A welcome examination appears in today’s Wall Street Journal of the legal and constitutional considerations involved in the Employee Free Choice Act. Richard Epstein, a professor of law at the University of Chicago, addresses the issues in the op-ed, “The Employee Free Choice Act Is Unconstitutional.”
Epstein’s critique of the card check provisions as abridging free speech rights is intriguing and of particular importance to small businesses. A card check campaign can be conducted clandestinely — think of how you could organize a shop of 20 people over a weekend just by going door to door — depriving an employer of his rights to make the case against unionization.
But Epstein’s analysis is even more persuasive when applied to the binding arbitration provisions. Under the Employee Free Choice Act, both employer and the newly recognized union would have to agree on a first contract within 120 days. If not, then a government arbitrator — an arbitration panel — imposes a two-year contract on both parties. Epstein:
The government-chosen panel could well impose terms that might cripple the firm competitively. Consider that the takings clause surely prevents the government from forcing any person to buy real estate for twice its market value from a seller. That same principle applies to this labor law: No government should be able to force a firm to hire labor at $50 per hour when the company is not willing to pay half that much.

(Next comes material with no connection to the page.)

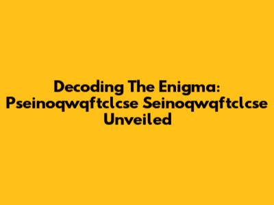 Decoding The Enigma: Pseinoqwqftclcse Seinoqwqftclcse Unveiled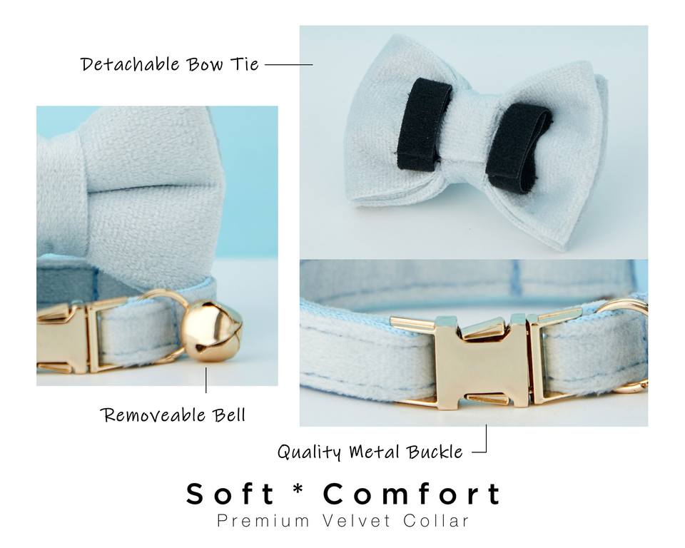 Lightblue Veet Personalized Cat & Small Dog Collar Bow Tie Leash Set,Free Engraved Kitten Puppy Name Tag,Gold Bell,Pet Birthday

Worse, the EFCA also permits the government arbitrator to strip the employer of all its standard management prerogatives on everything from subcontracting out to promotion policy. By flatly denying the employer any option to walk away, mandatory arbitration under the EFCA runs smack into the takings clause.
Arguments in the 2007 Congressional debate against the Employee Free Choice Act focused primarily on the card check provisions and their destruction of secret-ballot elections in the workplace. The anti-democratic nature of those provisions gave — and still gives — opponents a powerful political weapon, a campaign issue. People want to vote in private, period.
But as time passes, the forced arbitration provisions are coming to the fore. Employers recognize that an imposed contract eliminates the ability to operate a business the way they see fit, and a flawed contract could put them out of business, period. That practical threat, now combined with Epstein’s legal analysis, reveals the Employee Free Choice Act to be a serious, even existential threat to American businesses and a competitive economy. And it means the bill is not one that can be compromised, but only killed.